4:08- In the final stage I add more speed which fully moves most horses over to the ‘correct’ foot while still maintaining good, clean steps in the front end. A common problem when adding speed is the horse getting too stretched out-the front feet very far out in front-which can cause hopping or loss of speed. If this happens I can rock them back because I have taught them how in an earlier stage. Because I taught the spin with many steps I have many steps to go back to if problems occur.

4:40- This is an example of my horse, Vaquero, spinning (and winning) at the 2011 Quarter Horse Congress Freestyle. Here you can see how the horse is holding his own frame without the bridle because of his early training. Vaquero spins much faster because he is a quick footed horse. To see the full ride; click here.

Not everyone teaches the spin the same way. The methods I use fit into my program.

Examples of places where I would not use this technique are;

  1.  when the horse will not be asked for speed; for example a western pleasure/horsemanship horse.
  2. if the horse isn’t going to physically be able to add a lot of speed.

In these examples it would be appropriate to teach the horse from the beginning to pivot on the ‘correct’ foot.
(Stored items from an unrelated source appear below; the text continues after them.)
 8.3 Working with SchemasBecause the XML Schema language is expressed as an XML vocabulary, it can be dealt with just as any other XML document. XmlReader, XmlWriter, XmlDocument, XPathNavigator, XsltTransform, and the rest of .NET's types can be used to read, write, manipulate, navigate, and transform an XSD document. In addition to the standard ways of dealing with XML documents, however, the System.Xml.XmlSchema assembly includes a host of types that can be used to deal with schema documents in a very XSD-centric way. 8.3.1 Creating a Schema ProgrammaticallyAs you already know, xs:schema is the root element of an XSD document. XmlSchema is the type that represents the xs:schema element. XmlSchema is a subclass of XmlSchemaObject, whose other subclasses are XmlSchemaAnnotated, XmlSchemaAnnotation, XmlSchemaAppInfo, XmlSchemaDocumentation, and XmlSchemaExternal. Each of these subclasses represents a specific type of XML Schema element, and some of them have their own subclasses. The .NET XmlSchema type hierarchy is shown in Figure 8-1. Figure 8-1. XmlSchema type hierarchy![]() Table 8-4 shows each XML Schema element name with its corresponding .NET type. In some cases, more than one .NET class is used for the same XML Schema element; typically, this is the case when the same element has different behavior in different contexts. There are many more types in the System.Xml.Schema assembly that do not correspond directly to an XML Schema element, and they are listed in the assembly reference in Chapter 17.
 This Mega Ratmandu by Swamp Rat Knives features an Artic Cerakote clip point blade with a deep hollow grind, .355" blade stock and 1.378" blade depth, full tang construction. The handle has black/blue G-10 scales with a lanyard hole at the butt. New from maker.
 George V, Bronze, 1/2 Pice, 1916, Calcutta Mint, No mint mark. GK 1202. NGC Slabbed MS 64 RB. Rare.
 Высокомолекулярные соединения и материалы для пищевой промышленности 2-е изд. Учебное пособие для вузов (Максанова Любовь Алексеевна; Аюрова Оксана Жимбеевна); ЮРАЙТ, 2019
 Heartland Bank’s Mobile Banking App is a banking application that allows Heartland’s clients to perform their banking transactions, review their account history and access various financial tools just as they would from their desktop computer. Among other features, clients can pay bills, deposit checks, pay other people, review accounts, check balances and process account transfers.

The reason is that the horse is never going to add a great deal of speed so the other steps can be skipped.

Wherever you are going to show you should know the rules. In many showmanship or horsemanship classes they will consider the inside hind to be correct; turning to the right they would want he horse pivoting on the right hind. In that case the horse should be trained accordingly.
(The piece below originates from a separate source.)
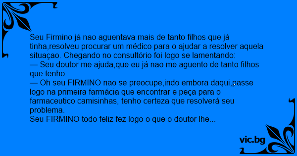 Seu Firmino já nao aguentava mais de tanto filhos que já tinha,resolveu procurar um médico para o ajudar a resolver aquela situaçao. Chegando no consultório foi logo se lamentando:

This is an excerpt from the NRHA rulebook (National Reining Horse Association); “It is helpful for a judge to watch for the horse to remain in the same location, rather than watching for a stationary in- side leg. This allows for easier focus on other elements of the spin (i.e., cadence, attitude, smoothness, finesse, and speed).” 

The horses have some say over how they can most effectively use their bodies at high speed and that is why, in the end, some leeway is allowed. I remember one horse I was training that could spin a strong plus half or plus one spin if you allowed him to shift his hind legs around the way Newt was in the second example. If I focused on making him lock onto the ‘correct’ inside leg he could only go about half the speed which decreased his maneuver score. This particular horse was physically more comfortable in the frame where he could shift between his hind feet. He kept his hind end stationary so I preferred that with speed over ‘correct’ but slow.